Seeing how much my children enjoyed that book inspired me to look for a collection of poems for us to read at home. After much research and reading of reviews I decided on 100 Best Poems for Children.
The poems were chosen by children and teachers from 135 schools across the country and Roger McGough – nicknamed “the patron saint of poetry” – put the anthology together. Children were asked to nominate their favourites in three categories – contemporary; more than 25 years old; and more than 100 years old. The result is a substantial collection you can dip in and out of and which will grow with a child from pre-school age to teenage and beyond.
I love that the poems are printed alphabetically by author. There’s no sense of hierarchy or categorisation; just poems for poems’ sake. This means that the classics are juxtaposed with the lighter offerings, reminding us that all kinds of poems are accessible to us and we shouldn’t be put off by when it was written or because it’s deemed a literary great. There’s no snobbishness; we can like a seminal work of literature as much as we like a nonsense verse. Some are just four lines long; others four pages; and everything in between.

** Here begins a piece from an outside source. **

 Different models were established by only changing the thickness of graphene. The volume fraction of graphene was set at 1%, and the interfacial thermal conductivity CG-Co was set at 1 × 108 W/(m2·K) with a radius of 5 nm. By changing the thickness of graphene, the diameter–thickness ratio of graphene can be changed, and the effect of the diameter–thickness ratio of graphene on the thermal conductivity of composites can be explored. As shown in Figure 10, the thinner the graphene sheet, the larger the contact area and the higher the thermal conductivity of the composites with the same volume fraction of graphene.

There are plenty of children’s classics – Edward Lear’s The Owl and the Pussy Cat; Lewis Carroll’s Jabberwocky; Macavity: The Mystery Cat from TS Eliot’s Old Possum’s Book of Practical Cats.

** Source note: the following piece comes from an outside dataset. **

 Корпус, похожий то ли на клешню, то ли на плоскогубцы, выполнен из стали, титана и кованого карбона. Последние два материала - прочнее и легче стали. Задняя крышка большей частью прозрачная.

Some of the poems make us laugh – The Day I Fell Down The Toilet by Steve Turner; Homework! Oh, homework! By Jack Prelutsky; When Betty Eats Spaghetti by Colin West.

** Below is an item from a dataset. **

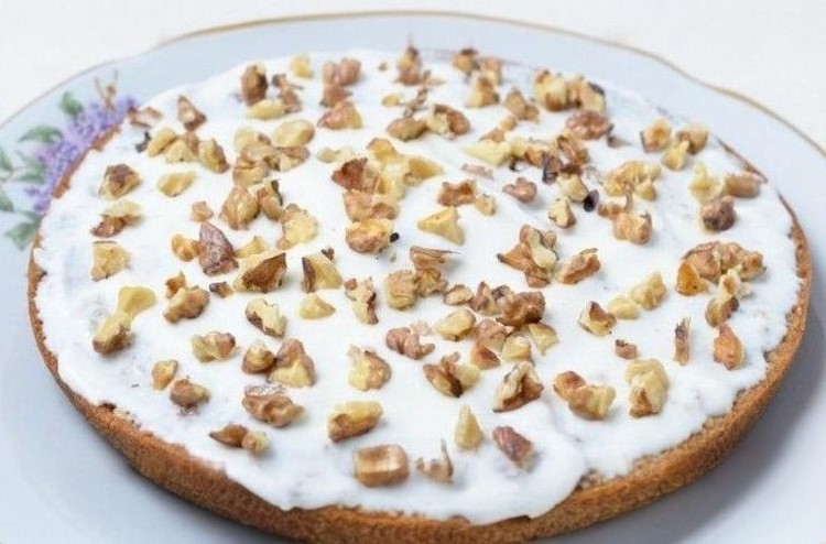 Морковный пирог по классическому рецепту готов. Остывший пирог обильно смазать кремом, присыпать грецкими орехами.

There’s also a number of poetry classics that aren’t particularly aimed at children – but which are such famous works of literature everyone should know them. Lt Col. John McCrae’s In Flanders Fields; William Wordsworth’s The Daffodils; a section from Samuel Taylor Coleridge’s The Rime of The Ancient Mariner; Witches’ Chant from Shakespeare’s Macbeth.
The pages themselves are white and crisp with lovely clear big type and plenty of space between the words. The illustrations by Sheila Moxley on every page help to bring the words to life.
This is such a lovely collection of verses bringing together the classics and the contemporary. It’s a real treasury of delights… and perhaps one day my children will be reading it with their own children too.
100 Best Poems for Children. Chosen by children. Edited by Roger McGough. Illustrated by Sheila Moxley. Published by Puffin. RRP £12.99.